Currently, she teaches all nine quarters of the acting sequence in the Department of Theatre, where she has been a full faculty member since 1990. Her principal research areas focus on acting theory and contemporary British playwrights, and she is published in Communications, the journal of the International Brecht Society. Mary serves as the Master at Jones Fine and Performing Arts Residential College; and is a member of the British Scholarships Committee of the Office of Fellowships. She has been placed on the ASG Faculty Honor Role three times, and in 2010 was appointed a Charles Deering McCormick Distinguished Senior Lecturer.
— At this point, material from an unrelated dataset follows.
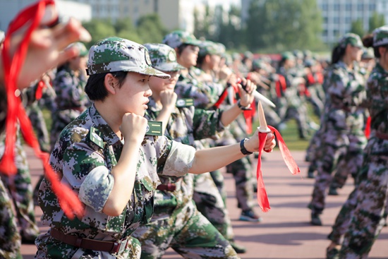 中央财经大学女子匕首操的训练场上,一位短发的女队员认真刻苦地反复训练着。中央财经大学 赵昕宜/摄
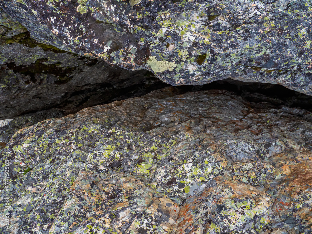 Crack in granite. Narrow entrance to the cave. Fault line or fracture in the rock, erosion, a crack in the stone.

She is the proud aunt of two nieces, both of whom, following their great-grandmother, grandmother, mother, and aunt, have chosen teaching careers, becoming the fourth generation committed to education.
Reflection on the Alumnae Fellowship:
"I was brought up to be a proper young woman of the time: polite, well-mannered, selfless, ego and emotions under control, expressing only cheer, warmth, and a willingness to serve others. I wasn’t allowed to get dirty, let alone fight for things I wanted. But my father, bless his heart, was curious, ambitious of mind, and well-informed. He inspired my hunger for a life of the mind. I was top of my little high school class, but not prepared for Michigan, where I promptly fell in love with an intellectual boy who left for Viet Nam. I flunked out twice, then met Jim Coakley and John Styan, theatre professors who believed theatre to be a legitimate method of exploring the world, and, that art was essential to human life and learning. Through them, I became a committed and successful undergraduate. When they both moved to Northwestern, I followed them. I finished the M.A. here at Northwestern (and my college funds), wanting more thinking, more learning, more of who I realized I could become. On graduation day, I was offered a paid managerial position, while Northwestern invited me into the doctoral program. The Alumnae changed my life. Because you saw ambitious young women without other resources, because you valued their voices and futures, you made it possible for them to choose the academic path. Your generosity and attention has changed more lives than just the recipients’, for I went on to teach, as I’m sure many of the other fellows did, too. Your gifts then, have affected not only our lives, but the hundreds of students we have taught. What a wonderful idea the grant was, and what profound effect it continues to have. I feel such gratitude to the women of 1975 who took action, and to those of you who carry on their legacy and renew it each year. Thank you, and Brava!"